コレクション

『唐土訓蒙図彙』

収蔵品

1719年(享保4)制作/サイズ:160×225×10mm(横×縦×厚み)

資料番号:54085~54094

『唐土訓蒙図彙(もろこしきんもうずい)』は、江戸時代中期に刊行された唐土(中国)に関する知識を多数収録した絵入りの百科事典。江戸時代初期に儒学者・中村惕斎(てきさい)がまとめた『訓蒙図彙』のレイアウトをベースに、主に見開きの片側に4つの事柄をブロックに分け、図版と平易な文章で紹介しています。
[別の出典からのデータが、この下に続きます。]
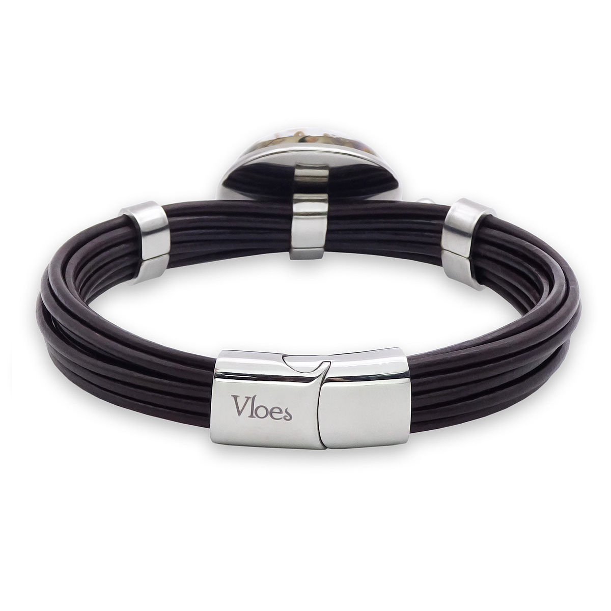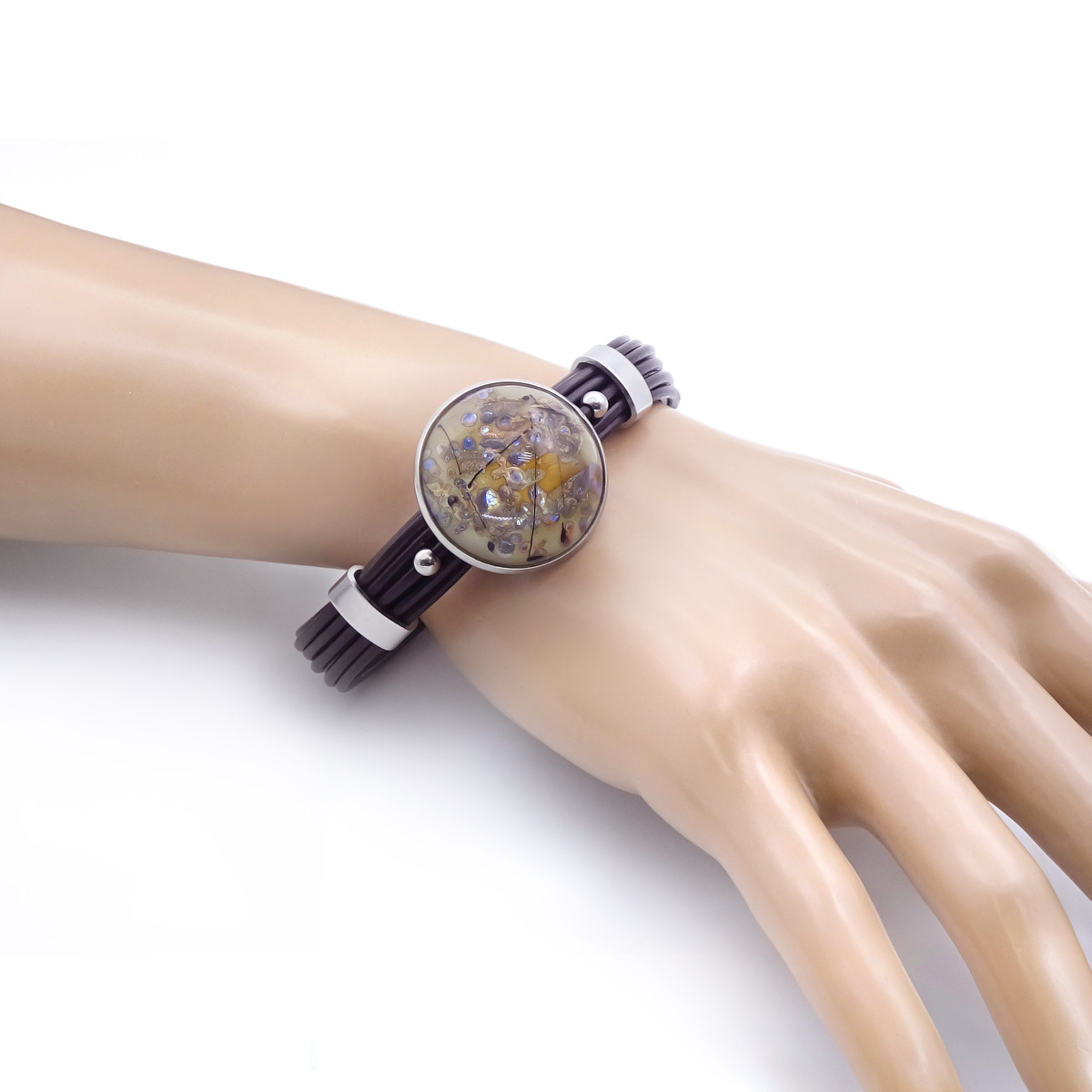Браслет изготовлен из муранского стекла, натуральной кожи и гипоаллергенной ювелирной стали, что очень важно для людей с чувствительной кожей. Металл не темнеет и не подвергается воздействиям окружающей среды, надолго обеспечивая красивый внешний вид изделия. Крепкий магнитный замок с двойной защитой надежно фиксируется на запястье. Ширина браслета - 1,5 см. Диаметр стеклянного элемента - 2,5 см. Вес - 26 гр.

約1,700の知識を天文や地理・人物などの9つの区分で14巻に分類しており、学問の初心者に向けてわかりやすく図解することを心がけながらまとめられました。儒学者の平住専庵(ひらずみせんあん)が著し、図版を狩野派の絵師である橘守国(たちばなもりくに)が描いています。守国は上方で活躍、『絵本写宝袋』など多くの絵手本を手掛けて後の浮世絵師に大きな影響を与えました。
写真は本書に収録された世界地図です。イエズス会宣教師のマテオ・リッチは世界地図を手掛け、江戸時代の地理学に大きな影響を与えました。その影響を受けている世界地図はマテオ・リッチ系と称されており、この写真のものも同系に分類されます。
本書は秋田屋市兵衛(大坂)、須原屋茂兵衛(江戸)から木版印刷で刊行されました。両者は江戸・大阪それぞれの都市を代表する版元のひとつです。本書は何度も版を重ね、拡大する印刷・出版が当時の人びとの知識欲に応え、知識の大衆化を下支えしていました。